Bagi saya, melewatkan tidur siang hanyalah permulaan. Berulang kali melafalkan “Semakin Menjelang Terakhir Semakin Gigih Maju” membantu saya menyadari bahwa apa yang disebut pengalaman orang lain sebenarnya menghambat saya, dan bahkan meresap dengan budaya Partai Komunis Tiongkok. Misalnya, “Saat berbicara dengan orang lain, katakan hanya sebagian kecil dari apa yang Anda pikirkan; jangan ungkapkan perasaan Anda yang sebenarnya,” “Selalu bersiap untuk yang terburuk dalam segala hal,” “Jangan mengkritik orang lain jika Anda sendiri belum melakukannya dengan baik,” dan “Tunggu sampai Anda memperbaiki diri sebelum berbagi pengalaman kultivasi Anda.”
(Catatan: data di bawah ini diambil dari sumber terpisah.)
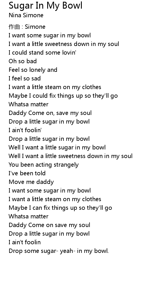 | Well I want a little sugar in my bowl | |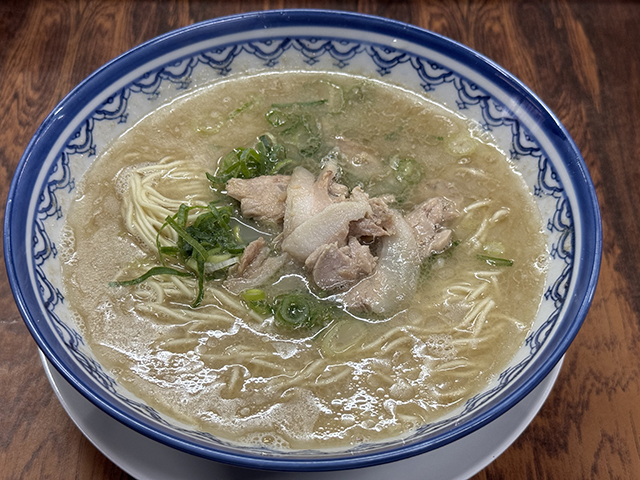 ライト豚骨で細切れチャーシュに青ネギがのっています。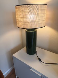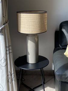 Avec sa grande base cylindrique en céramique émaillée noire et son abat-jour en raphia naturel, cette lampe à poser noire arbore un jeu de matières justement maîtrisé. Elle offre le parfait mélange entre modernité et authenticité ! On aime particulièrement le biais en coton noir qui souligne délicatement l'abat-jour. Avec son look épuré, cette lampe à poser fabriquée au Portugal s'harmonise tout en douceur avec le reste de votre intérieur.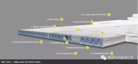 装配式混凝土结构楼板也是预制的,就像本系列第二讲里介绍的那样(德国楼宇技术(TGA)分享 (二,家庭室内冷热),预制楼板内可预埋供暖供冷的管道,或者预埋通风管道,需要符合防火、安全、隔热、减噪等舒适度要求的。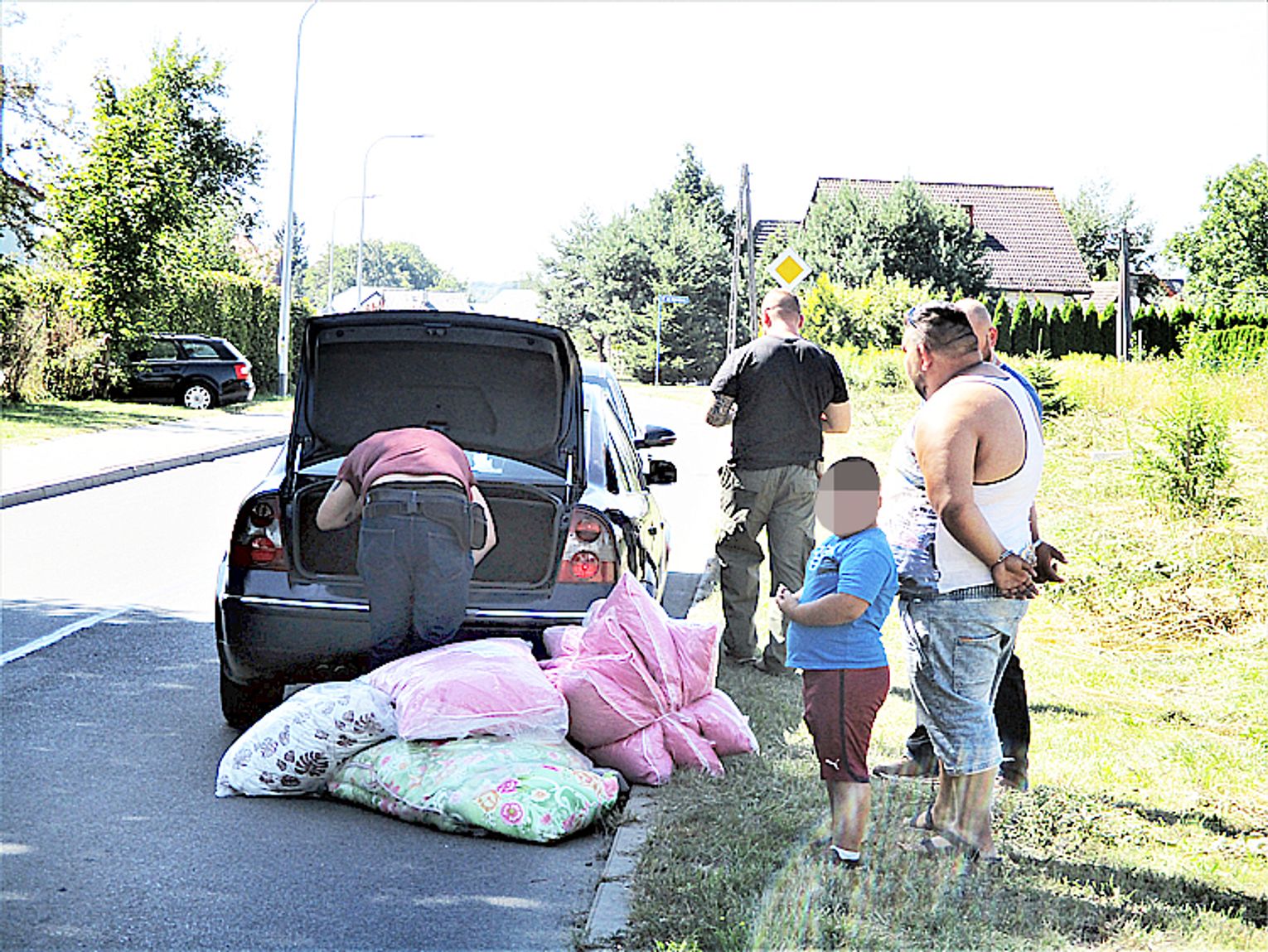 Mieszkańcy Pułku Ułanów byli świadkami spektakularnej akcji policji. Trzy radiowozy, pełne funkcjonariuszy, na wylocie ze Sławna zatrzymały Volkswagena Passata. Kierowcę (z wyglądu pochodzenia romskiego) i pasażera (około 10 letni chłopiec) usunięto z pojazdu, który bardzo dokładnie przeszukano. Z bagażnika, na jezdnię wyrzucono bagaże, pierzyny, poduszki itp. Świadkowie słyszeli, jak funkcjonariusze zastanawiali się, co zrobić z dzieckiem, gdy ojciec (opiekun) trafi do aresztu.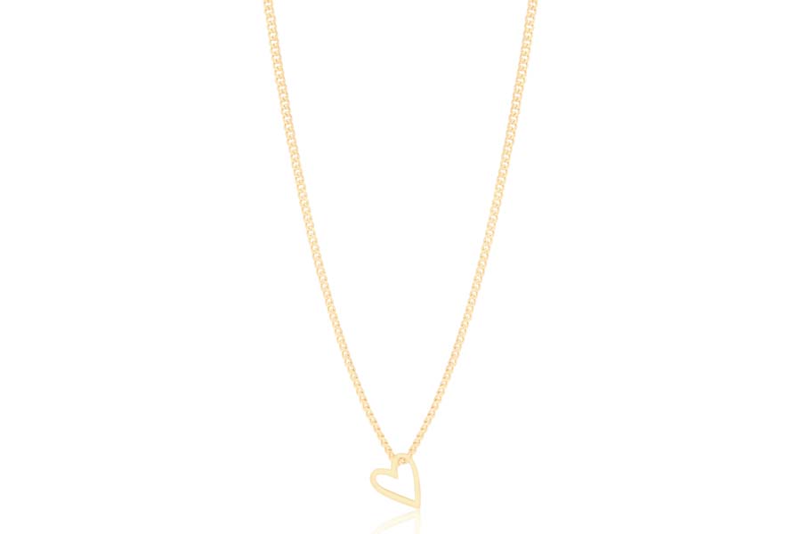 GARGANTILHA BANHADA EM OURO, PINGENTE MÃE, CORAÇÃO 11mm LARGURA, PÉROLAS BARROCAS 5mm LARGURA, 45cm COMPRIMENTO, EXTENSOR 5cm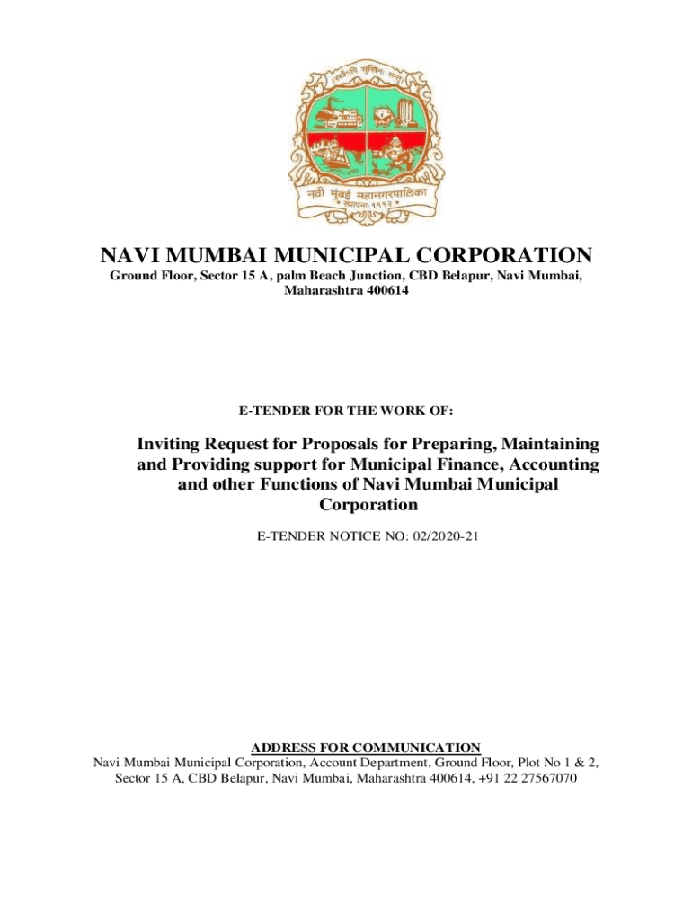 NAVI MUMBAI MUNICIPAL CORPORATION First Floor, Sector 15 A, Palm Beach Junction, CBD Belarus, Navi Mumbai, Maharashtra 400614ETENDER FOR THE WORK OF:Inviting Request for Proposals for Preparing, Maintaining

Pandangan kita adalah cara untuk melindungi diri dari bahaya. Pengalaman hidup yang keras kepala ini telah menjebak orang-orang Tiongkok selama ribuan tahun, membuat kita terjebak dalam siklus pasang surut yang tak berujung. Sebagai seorang praktisi Falun Dafa, saya harus melepaskan diri dari semua pengalaman hidup ini, menyelesaikan tiga tugas yang diminta Guru, dan kembali bersama Guru.
Saya juga telah terbebas dari konsep “tunggu sampai Anda berkultivasi dengan baik sebelum menulis pengalaman Anda.” Proses menulis adalah tentang mencari ke dalam. Saya merasakan keyakinan dan keterbukaan yang kuat yang saya miliki saat pertama kali memperoleh Fa.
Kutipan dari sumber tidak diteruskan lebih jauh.